イメージトレーニングって本当に効果あるの?

イメージトレーニングの効果は多くの実験で証明されています

人間の脳は、想像で体を動かしたことと、実際に体を動かしたことの判断がつかないといわれています。バスケットボールのフリースローを使ったこんな実験があります。Aのグループはフリースローを実際に10回行い、Bのグループは体を動かさず、頭の中だけで10回練習を行いました。その後、実際にフリースローを行ったところ、どちらのグループも上達度が同じだったのです。このように、イメージトレーニングの効果を裏付ける実験は数多くあります。

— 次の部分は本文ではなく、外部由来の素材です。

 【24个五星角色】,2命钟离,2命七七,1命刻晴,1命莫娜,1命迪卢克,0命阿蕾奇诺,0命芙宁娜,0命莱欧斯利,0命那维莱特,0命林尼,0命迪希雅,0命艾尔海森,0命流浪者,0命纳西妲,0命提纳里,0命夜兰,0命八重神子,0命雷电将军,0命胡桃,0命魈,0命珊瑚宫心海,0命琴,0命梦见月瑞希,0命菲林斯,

イメージトレーニングはやればやるほど上達します。オリンピックを控えたスピードスケートの選手たちが、レース本番を毎日イメージするというトレーニングを行っていたことがあります。最初はイメージする映像はぼやけていましたが、訓練するうちに鮮明に見えるようになってきたといいます。氷の感覚や風や匂いまで感じられた選手もいたそうです。
イメージトレーニングは、特にけがをしたときに効果を発揮します。けがの治療をしながら、練習しているところをイメージすることで、練習量を補うことができるのです。イメージは自由なので、想像の中で一流選手と対戦したり、オリンピックの試合に出場したりすることもできます。

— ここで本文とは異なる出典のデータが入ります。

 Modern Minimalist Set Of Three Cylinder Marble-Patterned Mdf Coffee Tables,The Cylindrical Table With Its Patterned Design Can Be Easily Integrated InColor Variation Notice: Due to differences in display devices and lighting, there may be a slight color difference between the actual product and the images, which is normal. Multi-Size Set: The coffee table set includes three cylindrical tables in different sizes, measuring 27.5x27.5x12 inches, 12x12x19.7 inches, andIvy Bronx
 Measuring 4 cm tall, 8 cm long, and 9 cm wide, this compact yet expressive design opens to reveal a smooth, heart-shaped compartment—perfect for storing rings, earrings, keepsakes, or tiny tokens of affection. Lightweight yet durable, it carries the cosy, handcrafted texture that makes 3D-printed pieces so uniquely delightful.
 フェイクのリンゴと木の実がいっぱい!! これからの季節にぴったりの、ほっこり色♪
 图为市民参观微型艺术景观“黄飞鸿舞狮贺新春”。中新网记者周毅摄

あえて苦しい場面をイメージする方法もあります。緊張している場面や、苦手な対戦相手と試合している場面を想像し、そこからどうやって抜け出したかまでを繰り返しトレーニングすることで、実際にその場面になったときでも、どう対処すればいいのかがわかるようになります。
幼稚園の運動会を見ていると、園児はゴール前で大体失速します。ゴールが見えると、そこで終わりと思ってしまうからでしょう。競走競技では、実際のゴールよりも先にゴールを設定しておくのがいいのです。ゴールを突っ切って走り抜けば、最後までスピードは落ちません。また、卓球やテニスの試合などで、あと1点取れば勝てる場面になったとします。ここで「勝ったな~」と思うと、逆転されることがよくあります。このときは、「あと2点で勝てる」と想像します。戦略として自分の中でわざと思い違いをしておくと、いい結果が出るのです。